§ **The problem**
Once "Um teste padrão tribal" turns up in a line below, reproduce that line and those after it exactly, stopping after the line with "Figure 1.--The King"; leave pictures out.

§ **Records provided**
# # # # # # #
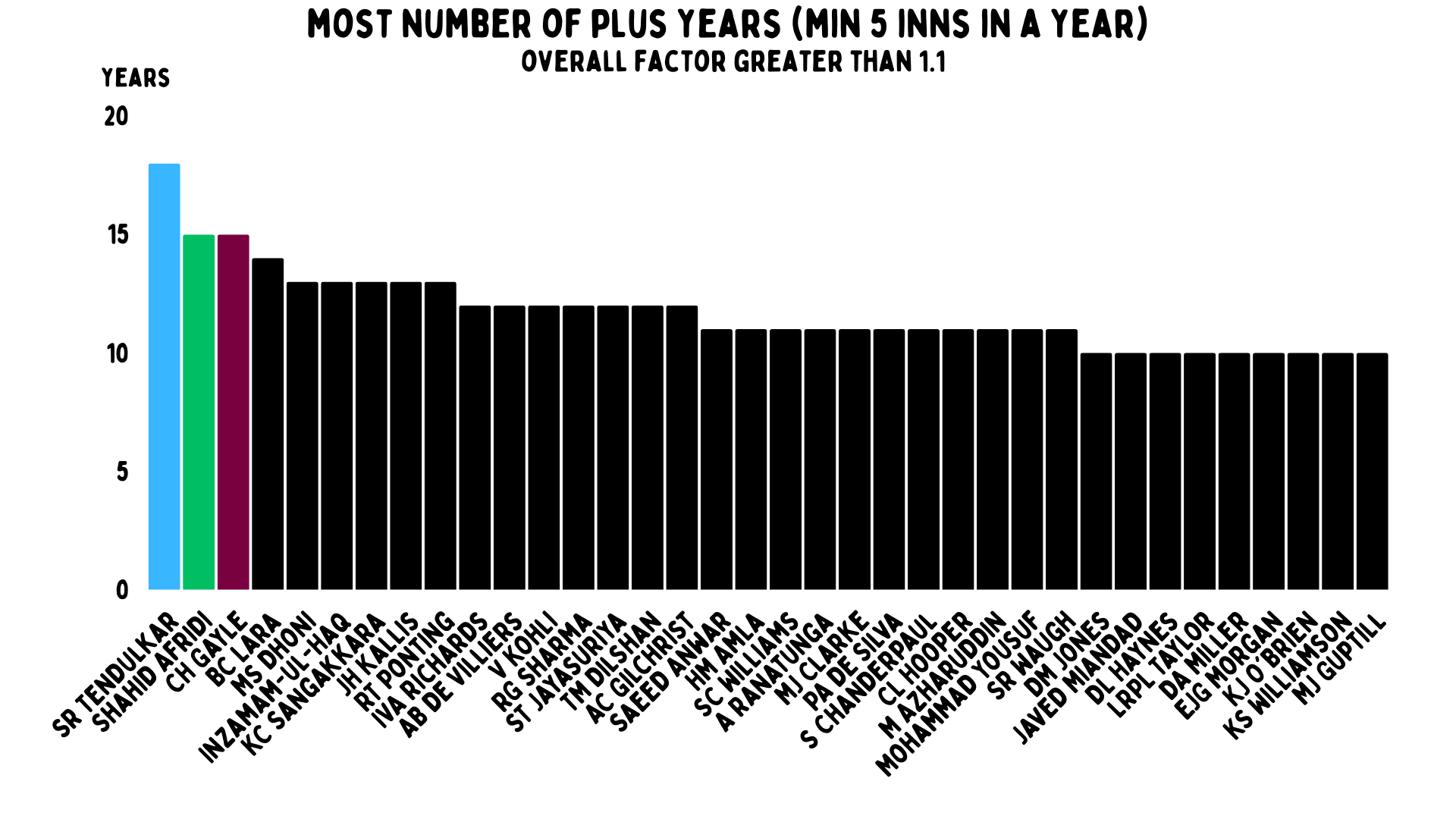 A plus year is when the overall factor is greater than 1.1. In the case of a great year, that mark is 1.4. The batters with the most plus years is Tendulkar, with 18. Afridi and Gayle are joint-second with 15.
# # # # # # #
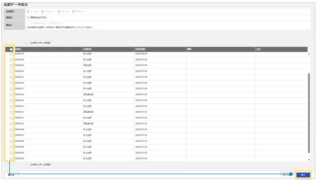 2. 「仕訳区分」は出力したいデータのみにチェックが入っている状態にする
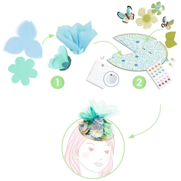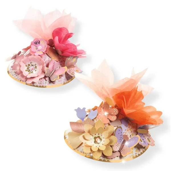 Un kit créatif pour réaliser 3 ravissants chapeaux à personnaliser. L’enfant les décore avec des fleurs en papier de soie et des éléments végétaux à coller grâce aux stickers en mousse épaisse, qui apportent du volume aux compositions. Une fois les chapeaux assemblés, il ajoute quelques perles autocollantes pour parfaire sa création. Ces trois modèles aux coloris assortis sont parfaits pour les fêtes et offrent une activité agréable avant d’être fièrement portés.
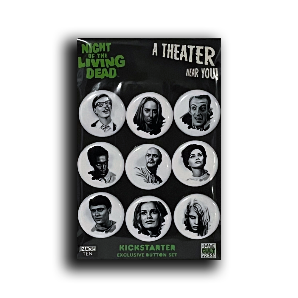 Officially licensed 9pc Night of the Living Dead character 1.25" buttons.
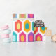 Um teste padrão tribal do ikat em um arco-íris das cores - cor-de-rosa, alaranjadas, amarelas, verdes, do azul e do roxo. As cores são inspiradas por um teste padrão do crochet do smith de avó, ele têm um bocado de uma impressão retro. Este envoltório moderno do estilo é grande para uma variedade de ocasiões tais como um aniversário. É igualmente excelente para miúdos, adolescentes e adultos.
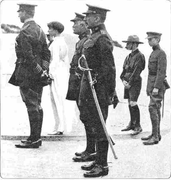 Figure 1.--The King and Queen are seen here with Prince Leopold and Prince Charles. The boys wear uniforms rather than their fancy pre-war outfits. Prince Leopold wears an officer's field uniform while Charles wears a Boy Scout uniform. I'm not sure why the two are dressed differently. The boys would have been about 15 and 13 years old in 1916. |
# # # # # # #
§ **Expected output**
 Um teste padrão tribal do ikat em um arco-íris das cores - cor-de-rosa, alaranjadas, amarelas, verdes, do azul e do roxo. As cores são inspiradas por um teste padrão do crochet do smith de avó, ele têm um bocado de uma impressão retro. Este envoltório moderno do estilo é grande para uma variedade de ocasiões tais como um aniversário. É igualmente excelente para miúdos, adolescentes e adultos.
 Figure 1.--The King and Queen are seen here with Prince Leopold and Prince Charles. The boys wear uniforms rather than their fancy pre-war outfits. Prince Leopold wears an officer's field uniform while Charles wears a Boy Scout uniform. I'm not sure why the two are dressed differently. The boys would have been about 15 and 13 years old in 1916. |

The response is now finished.